Chinese people are loud. I found it very obnoxious at first and understood them as mad at each other all the time. I remember once in my dorm I overheard the 阿姨 (cleaning maid) talking with her friend and could hear them from inside my room. I thought they were fighting with each, but really they were excited after having not seen each other for quite a while. You will also notice in restaurants that this is also present. Chinese people are very energetic at the dinner table, ordering lots of dishes and ever maybe hard liquor depending on the occasion.
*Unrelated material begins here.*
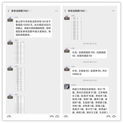 2月28日、29日,依安法院党员干警开展了自愿爱心捐款活动,为减少交叉感染,响应减少人群聚集的号召,捐款采用微信转账方式进行。活动中,院领导带头捐款,全体党员干警积极响应,以实际行动为抗击疫情贡献自己的一份爱心。值得一提的是在此次活动中依安法院的退休同志、普通干警、司法辅助人员、辅警谁都没落下。为期两天的捐款,共收到捐款13550元,其中退休老干部捐款650元,普通干警捐款5150元。面对新冠肺炎疫情大家守望相助,共渡难关。依安法院在完成好疫情防控包保工作任务和审判执行工作的同时,积极奉献,勇于担当,充分彰显了法院党员干警的社会责任担。春天马上就要来了,大家,一起加油!“感觉自己什么忙也帮不上,只能表达一点点心意。”来自退休的宫依梅副院长。“我们虽然不能在一线,但是希望能尽点绵薄之力,让大家吃点热乎的,睡得暖和点。”来自一位还在哺乳期的妈妈。“你好,请问我不是党员可以捐款吗?”来自一位普通干警。“不好意思昨晚值宿了才看到,我要捐款”来自一位已经奋战在一线20多天的司法辅助人员。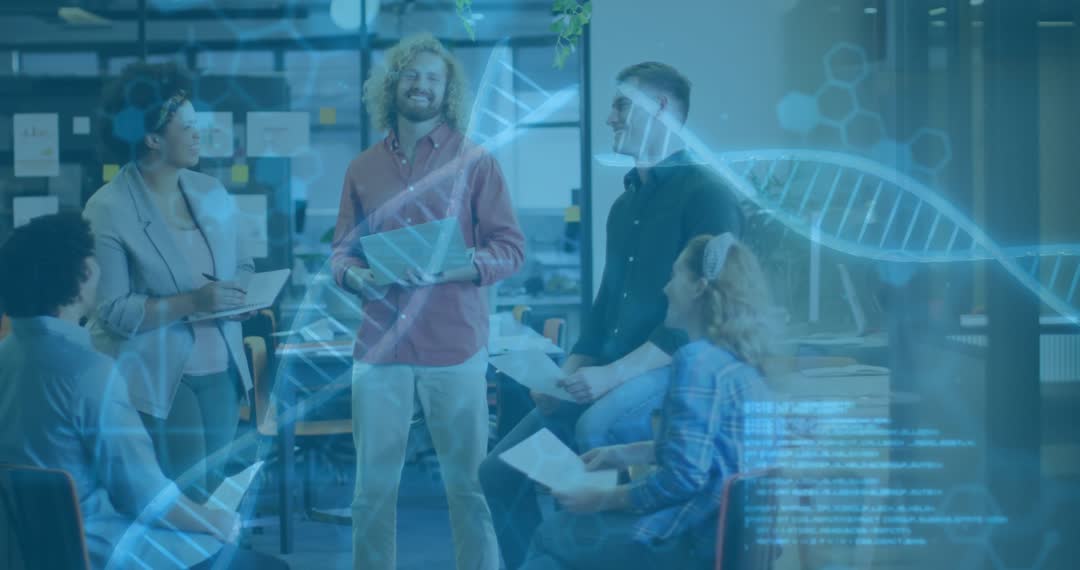 Group of young technology professionals are brainstorming in a modern office. Visual elements such as a DNA helix and floating code overlay underline themes of innovation and biotechnology. Ideal for illustrating concepts of teamwork, technological development, or advanced digital solutions in reports, presentations, or marketing materials.

They use their loud voice to indicate here their enjoyment with the guests and friends.




 译文来源:三泰虎 http://www.santaihu.com/48841.html 译者:Joyceliu


Diego Wells, Athletic Director, enjoying the challenges of living overseas

China shocked me for its uniqueness.   I came to China 1 year ago, after having lived and worked in 10 different countries over the past 2 decades.  This mega country is unlike any other place on Earth in several ways (some subtle, others, not-so subtle).   

I will briefly describe its surprises in a way that follows the title of my  favourite Clint Eastwood movie.
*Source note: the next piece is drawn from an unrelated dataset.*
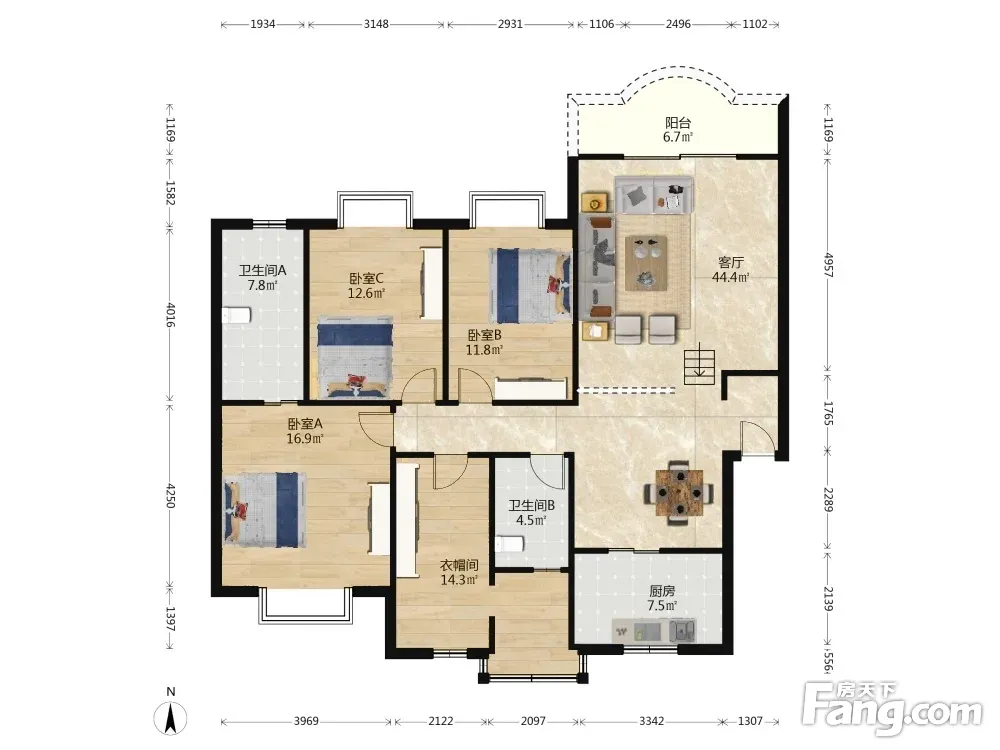 户型齐全,主打明厨,独立衣帽间,明卫,双阳台三居

THE GOOD:  Incredible infrastructure with regards to transportation within a city.   Subways, buses, taxi, motorcycle taxis, bicycles, are all cheap, efficient and easy to find, use and negotiate your way around the new environment.   I continue to be impressed by Guangzhou's bridges, and highways, but its relatively new Metro (Subway) system is incredible.  For the equivalent of $1 I can go from the airport to the suburb I live in (Foshan), a journey of 1.5 hours and a distance of over 50kms in a clean, air conditioned, safe subw ay car.    

THE BAD:  This is the first foreign country I have been to where people initially ignore you.  Almost all locals avoid eye contact on the street, in a bus or on a subway.   In such a crowded place, often I have felt completely alone, as the people often walk past you without even a glance.  Language is definitely a huge barrier, but still, it seems that most locals are indifferent to foreigners living in their town.
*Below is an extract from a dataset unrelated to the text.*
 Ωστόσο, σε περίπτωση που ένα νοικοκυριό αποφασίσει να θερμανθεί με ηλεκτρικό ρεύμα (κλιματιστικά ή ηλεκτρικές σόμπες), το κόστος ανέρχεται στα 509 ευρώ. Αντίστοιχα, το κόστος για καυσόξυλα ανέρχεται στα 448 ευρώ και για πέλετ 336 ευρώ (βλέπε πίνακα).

THE UGLY:  The smog that roles in and hovers over the city I live in (Guangzhou), more days than not is an ugly surprise for sure.  It seems that factory smoke and stain filled clouds block sunlight for days on end, and it can get depressing if you let it.

THE BEAUTIFUL:  Can't leave on a low-note.  Once you meet and be-friend a Chinese person, you realize just how wonderful this country is.  A Chinese friend is a friend for life! Honest, caring, compassionate and sincere is how I would describe the locals I have gotten to know.    As harsh as living in China can be on the exterior, getting to know a few local people while you are here softens it all and makes this place a truly unique and magical place to live!








Grant Lian, Living and working in China

Ooh ooh, pick me!

I first visited China in summer of 2002. I was born in the U.S. to Chinese parents of native Taiwanese descent (I say it this way to specifically differentiate us from the Pan Green Taiwanese that seem to be everywhere today). Even so, I was brought up to know that mainland China was poor, backwards, and dangerous.

This was literally the first thing I saw after getting off of the first cab from the airport:

Even back then, the Bund was a pretty stunning skyline, and it has since exploded with new and fabulous buildings that completely betrayed the backwards podunk expectations I brought with me from the US.

Shanghai shocked and awed me with its characteristic opulence, and even though I spent the rest of the summer in much poorer Xi’an, it set the tone for how I would continue to monitor China in the decades to come.

Today, looking back, I still think of China circa 2002 as the Golden Age for modern China, even though people were making just a fraction of what typical incomes are today. Back then, it seemed like the country beamed of hope and progressive thinking. Since then, optimism has dropped way down and it seems like nationalism is moving up while national policy is evolving more slowly, and sometimes backwards. Hard to say what the next 15 years will look like!

All I can say is, I’m keeping the tuner on this channel!